• _RECORDS_:
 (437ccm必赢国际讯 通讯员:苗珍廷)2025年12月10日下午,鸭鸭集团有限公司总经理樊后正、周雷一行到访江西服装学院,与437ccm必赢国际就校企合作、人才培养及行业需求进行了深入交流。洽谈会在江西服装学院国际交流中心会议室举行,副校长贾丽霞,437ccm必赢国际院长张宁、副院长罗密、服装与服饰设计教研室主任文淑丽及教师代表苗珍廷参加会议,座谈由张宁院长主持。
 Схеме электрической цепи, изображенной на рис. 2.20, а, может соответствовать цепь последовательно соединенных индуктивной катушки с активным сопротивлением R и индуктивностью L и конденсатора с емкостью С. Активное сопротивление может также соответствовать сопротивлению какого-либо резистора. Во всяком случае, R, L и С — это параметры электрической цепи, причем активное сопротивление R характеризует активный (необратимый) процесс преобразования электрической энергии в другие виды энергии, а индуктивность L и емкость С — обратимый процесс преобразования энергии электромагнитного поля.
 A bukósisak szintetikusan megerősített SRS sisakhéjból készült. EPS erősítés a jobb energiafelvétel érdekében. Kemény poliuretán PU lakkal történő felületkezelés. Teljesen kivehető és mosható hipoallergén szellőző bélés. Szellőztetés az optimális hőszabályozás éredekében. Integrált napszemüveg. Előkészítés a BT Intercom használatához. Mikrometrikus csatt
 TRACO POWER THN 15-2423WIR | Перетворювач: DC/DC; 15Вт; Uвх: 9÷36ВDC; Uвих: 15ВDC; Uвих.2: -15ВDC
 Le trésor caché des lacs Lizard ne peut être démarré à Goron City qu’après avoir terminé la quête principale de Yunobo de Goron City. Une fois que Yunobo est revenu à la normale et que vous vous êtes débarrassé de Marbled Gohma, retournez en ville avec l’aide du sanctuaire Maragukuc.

==

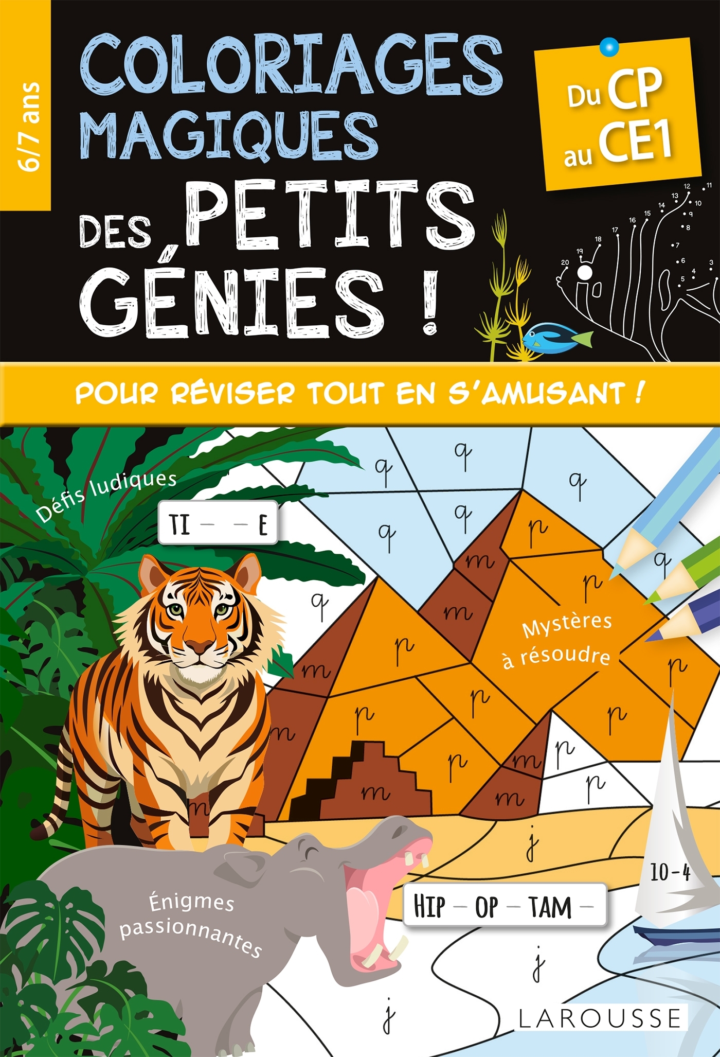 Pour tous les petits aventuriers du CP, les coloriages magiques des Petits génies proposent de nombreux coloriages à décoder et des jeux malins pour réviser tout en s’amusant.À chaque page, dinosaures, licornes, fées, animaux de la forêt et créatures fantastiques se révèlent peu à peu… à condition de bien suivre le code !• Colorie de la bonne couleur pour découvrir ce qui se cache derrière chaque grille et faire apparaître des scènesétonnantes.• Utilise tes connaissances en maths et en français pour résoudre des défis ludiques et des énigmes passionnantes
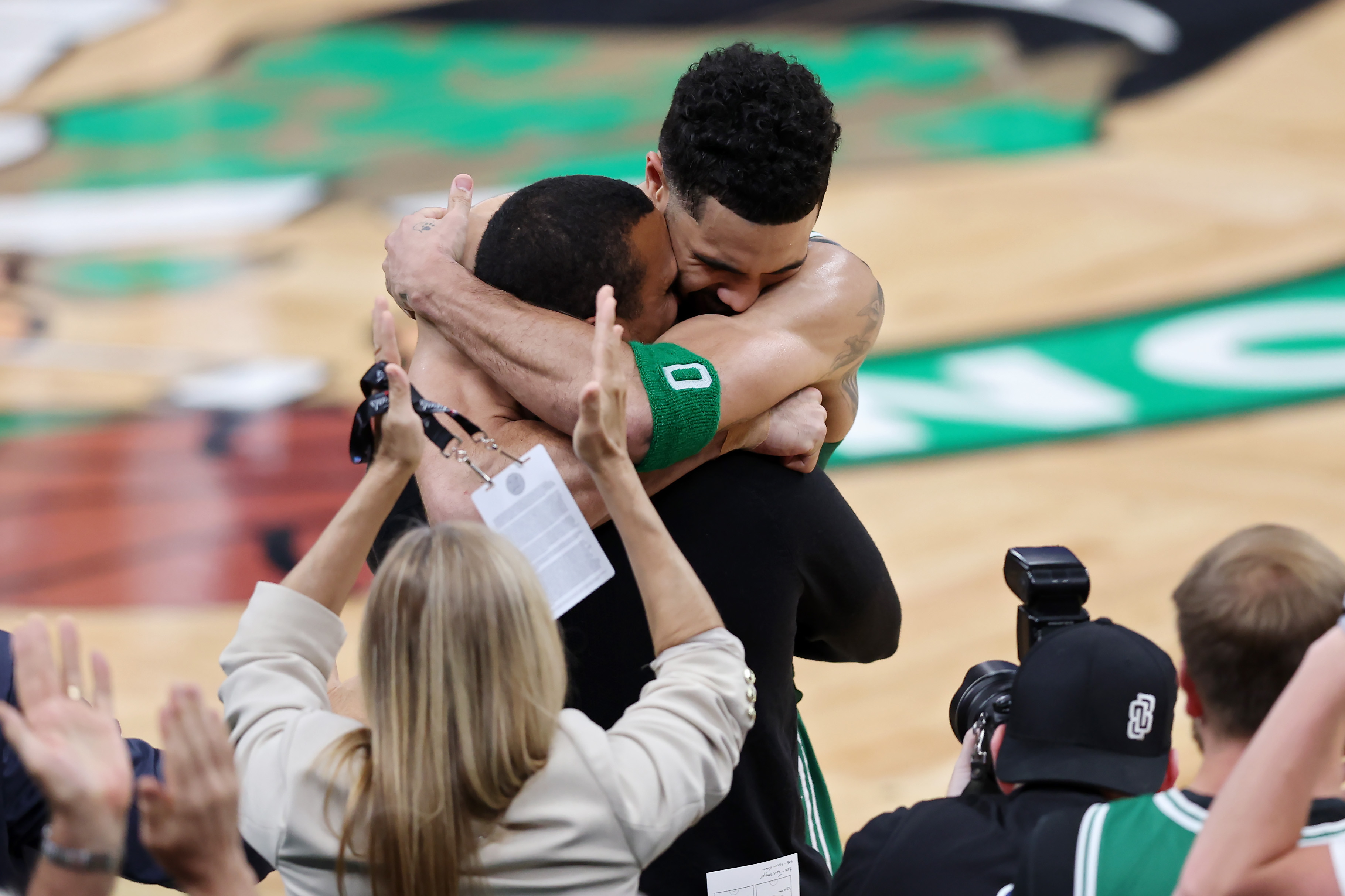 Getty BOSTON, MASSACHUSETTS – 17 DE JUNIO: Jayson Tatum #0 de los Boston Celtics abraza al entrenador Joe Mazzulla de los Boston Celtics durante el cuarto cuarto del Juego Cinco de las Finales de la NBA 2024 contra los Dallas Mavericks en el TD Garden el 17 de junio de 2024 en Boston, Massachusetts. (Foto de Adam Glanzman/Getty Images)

...

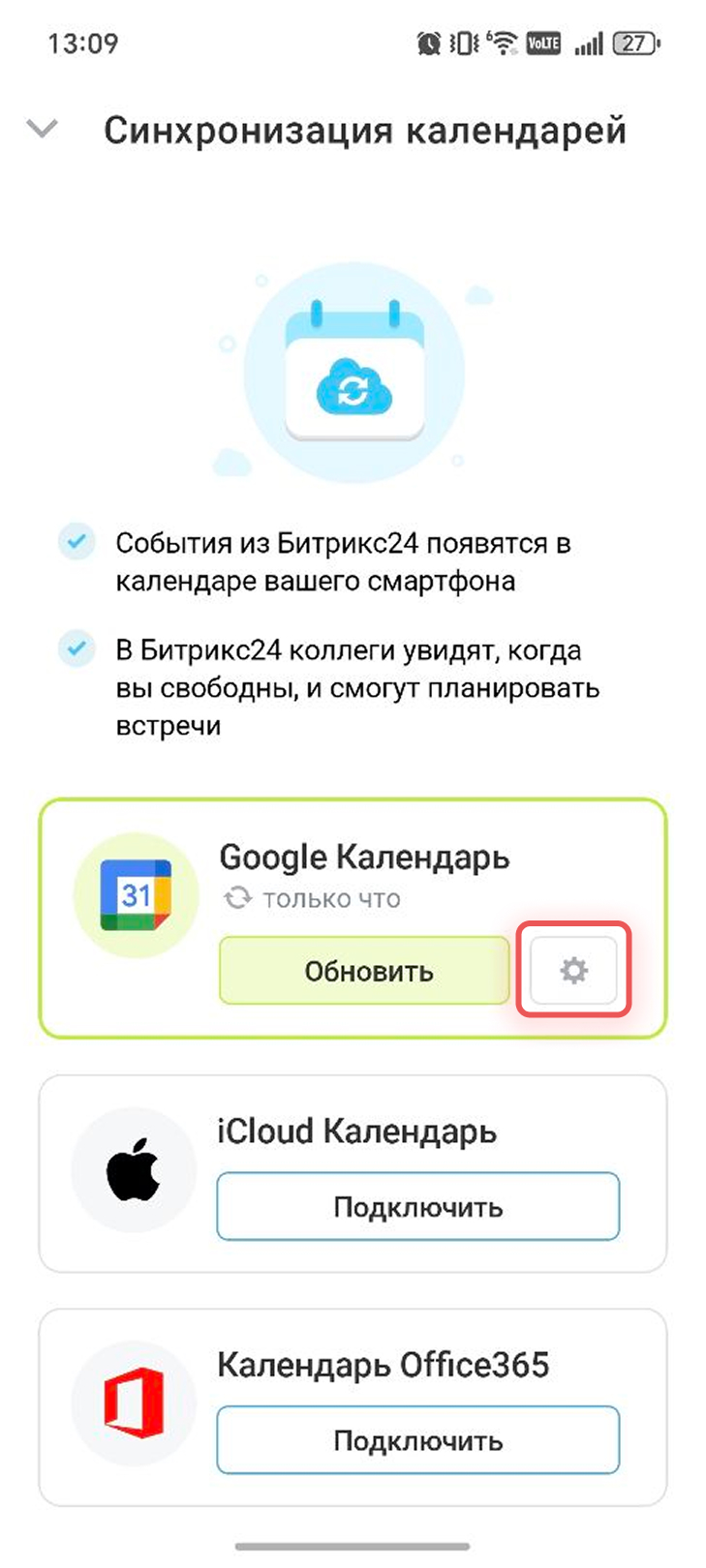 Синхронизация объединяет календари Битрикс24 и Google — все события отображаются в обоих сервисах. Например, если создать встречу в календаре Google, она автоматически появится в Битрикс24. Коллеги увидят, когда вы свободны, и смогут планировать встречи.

• _TRY IT_:
Only one part of the material above is to be transcribed, namely the lines starting with the line that has "A bukósisak szintetikusan" and going on through the line that has "Le trésor caché", exactly as they stand.

• _SOLUTION FOR THIS EXERCISE_:
 A bukósisak szintetikusan megerősített SRS sisakhéjból készült. EPS erősítés a jobb energiafelvétel érdekében. Kemény poliuretán PU lakkal történő felületkezelés. Teljesen kivehető és mosható hipoallergén szellőző bélés. Szellőztetés az optimális hőszabályozás éredekében. Integrált napszemüveg. Előkészítés a BT Intercom használatához. Mikrometrikus csatt
 TRACO POWER THN 15-2423WIR | Перетворювач: DC/DC; 15Вт; Uвх: 9÷36ВDC; Uвих: 15ВDC; Uвих.2: -15ВDC
 Le trésor caché des lacs Lizard ne peut être démarré à Goron City qu’après avoir terminé la quête principale de Yunobo de Goron City. Une fois que Yunobo est revenu à la normale et que vous vous êtes débarrassé de Marbled Gohma, retournez en ville avec l’aide du sanctuaire Maragukuc.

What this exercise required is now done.